We cannot help assigning meaning to the places we inhabit. We shape them with memory, with ritual, with relationships. Yet we might try to unsettle our gaze, disturbing its presumptions.
We cannot help assigning meaning to the places we inhabit. We shape them with memory, with ritual, with relationships. It’s how we get around, engage, and make sense of our world. Yet we might try to unsettle our gaze, disturbing its presumptions. Like a map, attention is exclusionary by nature; we take note of some things to the exclusion of others. But we can be open to a multiplicity of gazes and histories. True attentiveness ruptures the individual as a discrete being, tending towards something, away from oneself, both self and space constantly being remade. When searching for fruit trees, I try (perhaps naively) to look with someone else—with a future urban hunter-gatherer, all the previous passers-by who might’ve paused in the same place—and with a relation of living things around me. Openness to the openness of space. Citton again: ‘we see better because we endeavour to see with.’

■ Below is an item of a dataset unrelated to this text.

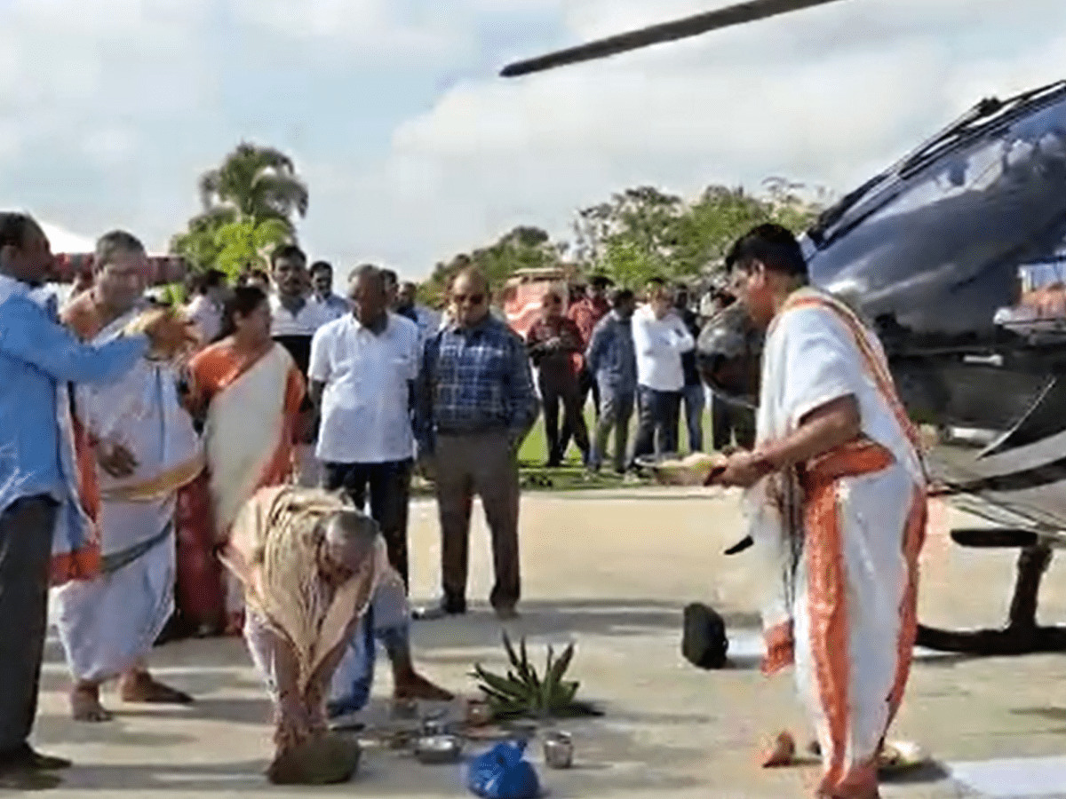Hyderabad: People bringing their newly purchased two-wheelers and four-wheelers to temples for ‘vahan puja’ (vehicle puja) is a common sight but this businessman from Telangana took his newly-bought helicopter to a temple for performing the rituals.
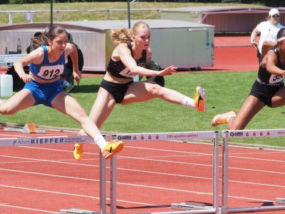 Tom Hoch wollte es direkt nach dem Pfingsturlaub bei den M14 im Speerwurf wissen. Auch er hatte etwas Schwierigkeiten gleich wieder technisch optimale Würfe zu absolvieren. Seine beiden weitesten Versuche landeten jeweils bei guten 35,05m. Aber damit fehlten ihm 30cm zum Erreichen des Finales – er wurde Neunter. Noah Handte hatte er sich erst auf den letzten Drücker mit neuer PB für die Süddeutschen qualifiziert. Nach anfänglicher Aufregung und daraus resultierenden Anlaufschwierigkeiten machte er seine Sache im Wettkampf dann gut. Er übersprang 2,40m und 2,60m jeweils im zweiten Versuch. Damit kam er bis auf 2cm an seine PB heran. Bei der nächsten Höhe von 2,80m musste er dann die Segel streichen; etztendlich hatte ihm der erste Fehlversuch über 2,40m die Finalplatzierung gekostet. Lea Weithoffer absolvierte einen spannenden Hochsprung. Bei ihrer Anfangshöhe von 1,40m zeigte sie im dritten und letzten Versuch ein großes Kämpferherz und vermied das frühe Aus. Diesen Flow nahm sie in die nächste Höhe mit und sprang gleich im ersten über 1,42m. Erst an der neuen PB von 1,50m scheiterte sie. Der Lohn war ein schöner 12.Rang.

I add my local fruit tree discoveries to one of the larger public maps, limited as my knowledge may be, hoping to contribute something small to the communal feral fruit database. While these resources may be limited by the possibilities of Google’s platform, they’re still the result of large-scale attention, individual and collective. The pleasure of noticing is contagious. Alone, my private fruit map may be an elaborate way of personalising the landscape. But as part of a larger resource (guided by a common code of ethics), I have to believe there could be the glimmer of something else. I am not anywhere, but the collective effort, dispersed virtually, spreads everywhere.